Шрифт:
Интервал:
Закладка:
Они помолчали, глядя друг на друга, и было в этих взглядах столько невысказанного обещания, надежд, так хорошо им было рядом, что уже не было сил этого скрывать.
— Знаешь, Адя, чего я больше всего боялся, когда впервые шел к тебе? — спросил Ядринцев. — Встретимся, и ты окажешься не такой, какой я тебя представлял, рисовал в воображении… видел во сне.
— Даже во сне? — засмеялась она тихо, и глаза ее наполнились синевой. — И какой же ты меня видел?
— Такой, какой ты и оказалась.
— Господи, — сказала она шепотом, — как это прекрасно, что мы встретились! Значит, судьба…
Поздно вечером Ядринцев медленно шел по набережной. Дул ветер, бросая в лицо колючий снег, а он не замечал ни этого снега, ни ветра, переполненный чувствами к Аде Барковой, милой, славной, удивительной девушке. И, едва с нею расставшись, он уже думал о завтрашнем дне, ждал той минуты, когда они опять будут вместе… «Хочу быть рядом с нею всегда», — сказал он себе. И улыбнулся радостно, вспомнив многозначительные Адины слова: «Значит, судьба…»
2
Печальной была встреча с Омулевским. Ядринцев уже знал, что после того, как в журнале «Дело» были напечатаны первые главы его романа «Попытка — не шутка», цензура запретила дальнейшую публикацию, автора обвинили в «дерзости» по отношению к государю, арестовали и несколько месяцев продержали в одиночке Литовского замка. Только недавно Омулевский был освобожден и, по словам Благосветлова, находился в крайне бедственном положении. Ядринцев решил навестить Омулевского, которого, по правде говоря, он считал человеком несерьезным, поверхностным. Предупреждал как-то Потанина: «Человек ненадежный, поэтому, ежели и узнаете, где он, а также будете писать, не очень надейтесь на него, на его аккуратность». И добавлял: «Характер пряничный». И к творчеству его относился холодно: «Омулевский идет дорогой Шеллера-Михайлова, дорогой тенденциозного романа…» И еще резче отзывался: «Об Омулевском говорить не стоит… «Светловым» он только одурачил русскую журналистику. Здесь хотели отыскивать современного молодого человека, а это был просто Федоров в его бархатном сюртучке…» Откуда такая резкость, такое неприятие, казалось бы, понятного и близкого Ядринцеву по идее и духу романа Федорова-Омулевского «Шаг за шагом», того самого романа, о котором Салтыков-Щедрин говорил: «Омулевский в художественном отношении стоит далеко впереди тех более опытных беллетристов, которые идут с ним об руку», откуда же и почему у Ядринцева такое непримиримое, прямо-таки воинственное отрицание? Откуда такая неприязнь? «Он пишет гладко, — как бы отвечая на это, говорит Ядринцев, — он пишет гладко, но все врет… все-то он врет… ничего он не перечувствовал».

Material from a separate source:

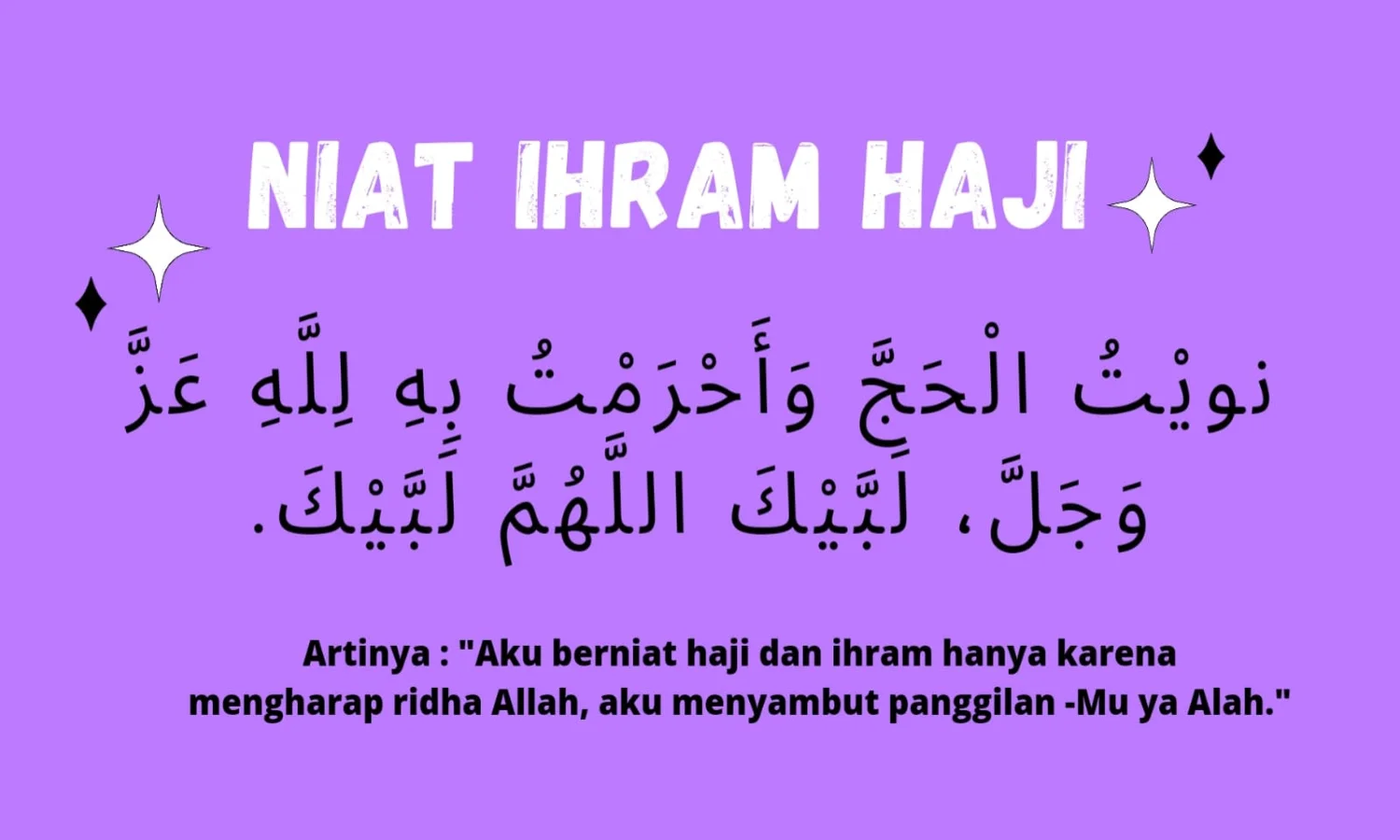 Artinya: "Aku berniat haji dan ihram hanya karena mengharap ridha Allah, aku menyambut panggilan-Mu ya Allah, aku menyambut panggilan-Mu."

Вот разгадка: «Ничего он не перечувствовал». И Ядринцев, уже в двадцать лет знавший, как ему жить и как служить родине, твердо шедший раз и навсегда избранным путем, и от других ждал и требовал этой твердости, не терпел самой малой фальши или неясности: «Все-то он врет». И, как всегда, страстно и горячо изливает душу, делится мыслями со своим «карымским учителем»:
«Дивлюсь я, сударь мой, на восточную интеллигенцию… Мы уж и посидели, и походили, и жизнь нам «курташа» задала, а все еще успели кое-что написать… А что эти люди, хранящие свое драгоценное здоровье и собственную персону, делают, написали ли они что-нибудь, исследовали ли что, принесли ли каким-нибудь трудом пользу?»

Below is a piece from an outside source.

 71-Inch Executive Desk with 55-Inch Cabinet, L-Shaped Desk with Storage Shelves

Он хотел, чтобы польза была немедленной, ощутимой, сам к этому стремился и от других этого ждал. Люди же, «хранящие свое драгоценное здоровье», вызывали у него искреннее негодование.
Нет, нет, просто «Федоров в его бархатном сюртучке» Ядринцева никак не устраивал, он хотел видеть в современном молодом человеке активного деятеля, истинного борца, не знающего сомнений и колебаний.
Но, вернувшись в Петербург, он узнает, что Омулевский находится в крайне бедственном положении, и, ни секунды не раздумывая, отправляется к нему. Что же тут раздумывать! Жизнь задала человеку «курташа», и он, этот человек, быть может, как никогда, нуждается в поддержке. Все остальное забыто — сейчас не до мелкого самолюбия.
Ядринцев разыскал на одной из дальних васильеостровских линий квартиру Омулевского. Они не виделись больше десяти лет. И помнил его Ядринцев молодым, цветущим, полным внутренних и физических сил человеком, щеголявшим в своей знаменитой бархатной курточке, из карманов которой постоянно торчали какие-то листы, и Омулевский то и дело выхватывал эти листы и торопливо, с загадочной усмешкой что-то исправлял, зачеркивал, дописывал, а потом негромко, чуть нараспев читал свои стихи, которые рождались у него в ту пору легко и весело, словно играючи, иногда на ходу. Ядринцеву казалось, что тот красивый, белокурый юноша, в своем неизменном сюртучке, выйдет сейчас навстречу…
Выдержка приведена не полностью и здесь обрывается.